Running Cloud Build with Pull Request context

When using Cloud Build pull request triggers, especially when the trigger is to run tests, you’ll traditionally be running your “run my unit tests please” command which will run every test across your entire repo.

But in cases where that takes a long time, it might be useful to only run tests for pull requests across the code that’s been changed.

You might be familiar with using a test suite that runs tests for the file you’re changing when you’re developing locally, so for sufficiently complex repos, it might be useful to replicate this in CI.

When Cloud Build starts, it will fetch a shallow clone of your repo. This is greatly advantagous for complex repos with long histories, but it means that you don’t have the detail of seeing what the current diff is. (For git clone --depth 1, the git diff is the entire repo has been added under the most recent commit).

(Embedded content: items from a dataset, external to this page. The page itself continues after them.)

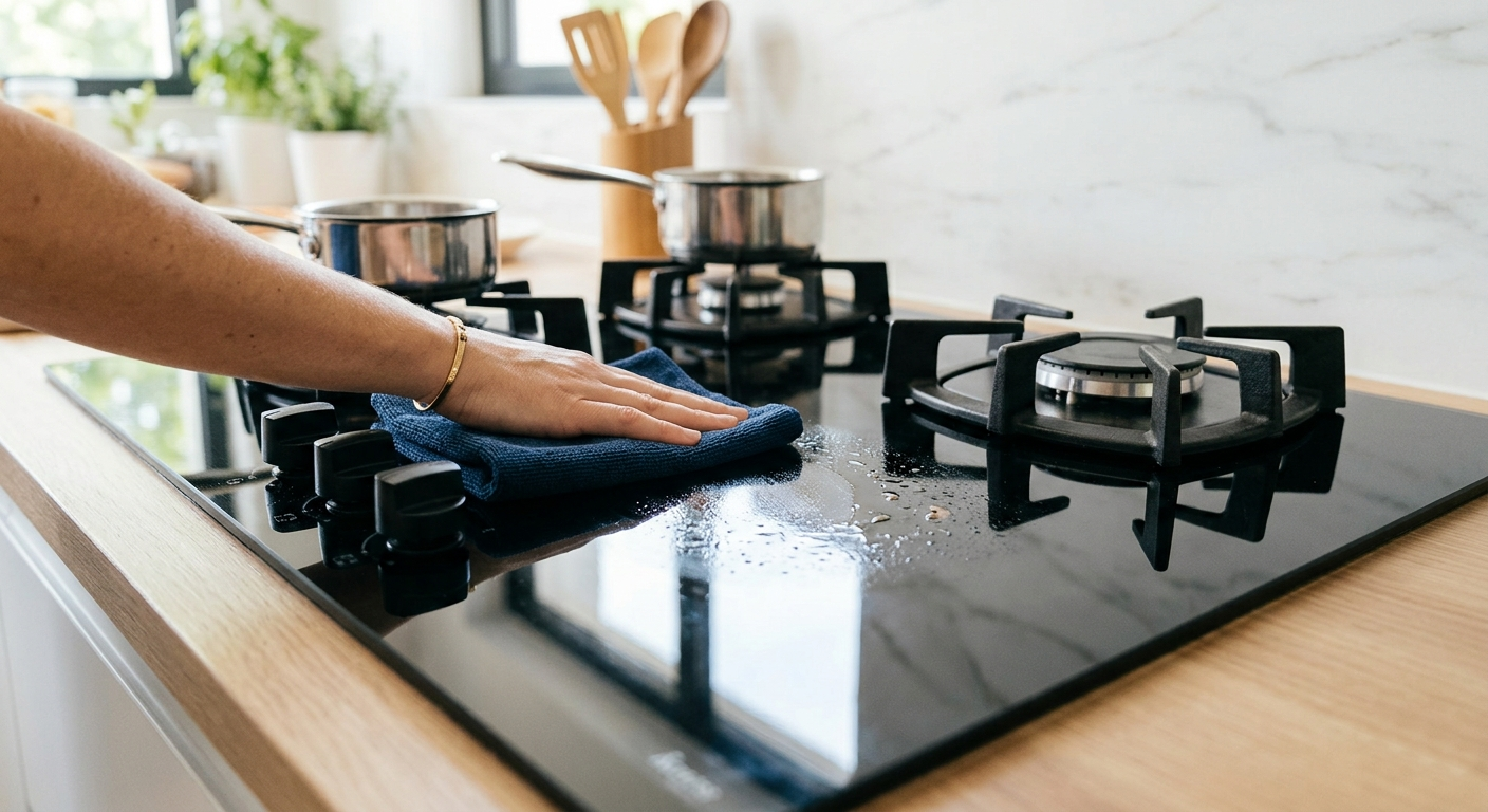 1. سطح من الزجاج المقسى (Verre Trempé): أناقة وسهولة في التنظيف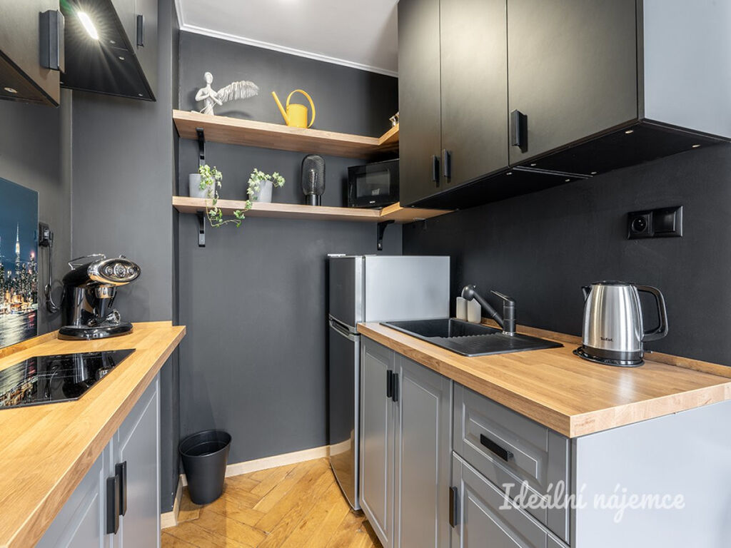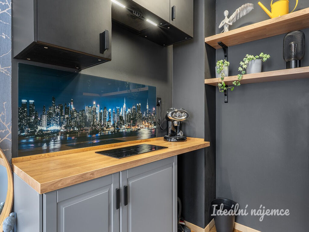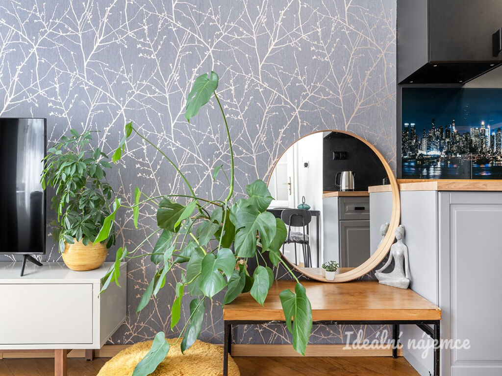 Byt je plně vybavený a nabízí pohodlí moderního bydlení. Kuchyně je vybavena lednicí, indukční varnou deskou, mikrovlnnou troubou a digestoří. V obývacím prostoru najdete pohodlný gauč, jídelní stůl se židlemi a chytrou televizi. Ložnice má pohodlnou postel a šatní skříň. V koupelně najdeme sprchový kout a toaletu. Byt nabízí dostatek úložného prostoru, moderní design a výhodnou lokalitu.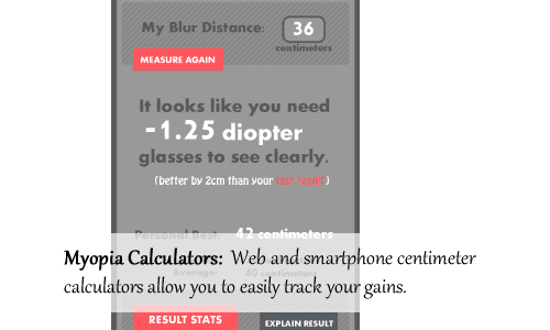 Use our centimeter measurement system (Android app now available as well) to gauge vision improvements and strain throughout the day. Input data into your exercise tool to receive customized recommendations for the following set of days.

There are ways around this, however. Cloud Build provides substitution variables for the base branch (which will return main, latest, or whatever you’ve configured as your default branch), and the head branch (the branch of the pull request). Using these two values, you can ask the cloned git repo to tell you the sum total of the changes from this pull request (the same view you’d get on the “Files changed” tab in GitHub).

The git commands to do this are:

git fetch --unshallow
- fetches all of the information
git diff origin/${_BASE_BRANCH} --name-only
- gives the names of the files that have been changed between the base branch and the (implied) current branch.

(Update 2023-10-17: A previous version of the blog psot used origin/${_BASE_BRANCH}..origin/${_HEAD_BRANCH}, which won’t work for forks. H/T to Roger for the fix!)

From there, you can do your own logic to work out which tests need to be run.

As an example, I have a repo full of folders, each of which have their own tests, and I’m using pytest, which without any other arguments will run every test_*.py file, even in nested directories.

However, I can parse the output from git to work out which folders have had changes, and tell pytest to only run test in the folders which have been changed. In my case, I want to run tests in the entire folder if anything within that top level folder has changed.

To do this in Cloud Build, I would setup something like the following:

steps:
  - id: retrieve delta
    name: gcr.io/cloud-builders/git
    entrypoint: bash
    args: 
      - -c
      - | 
        set -e
        git fetch --unshallow
        
        # get the changed files
        git diff origin/${_BASE_BRANCH} --name-only > _changed_files
        
        # parse out the folders that have changed
        cat _changed_files  | grep '/' | cut -d '/' -f1 | sort | uniq | tr '\n' ' ' > _changed_folders

        echo "Change files:" && cat _changed_files
        echo "Change folders:" && cat _changed_folders
        echo "EOF"
  
  - id: pytest
    name: python:slim
    script: |
      #!/bin/bash
      pip install -r requirements.txt -U pip
      pytest $(cat _changed_folders)

For example, the resulting pytest command for a pull request that changes and db/src/mydb.py would be pytest db, running on my database unit tests. The integration tests tests in app/ won’t run, which could save hours of CI time.

In this example, I’m passing data between build steps, and making use of the git cloud builder, a container with git already installed and ready to go. I’m opting to use legacy inline scripting as opposed to the script field, because I have to rely on a number of environment variables. I could explicitly declare these, but the code is shorter without it. (I don’t need any variables in the pytest step, so I’m using the script field here.)

You could extend this example by checking if there are any changes that should fire playwright tests, or indeed run all tests if the cloudbuild.yaml file itself is updated.

Using a setup like this will mean you are potentially (and intentionally) skipping tests in pull requests, so it should be combined with scheduled builds to run all the tests nightly or weekly, which can take as long as you want (as long as your tests don’t take as long as the time between tests! Having nightly tests that take more than 24 hours is a horror story for another time.)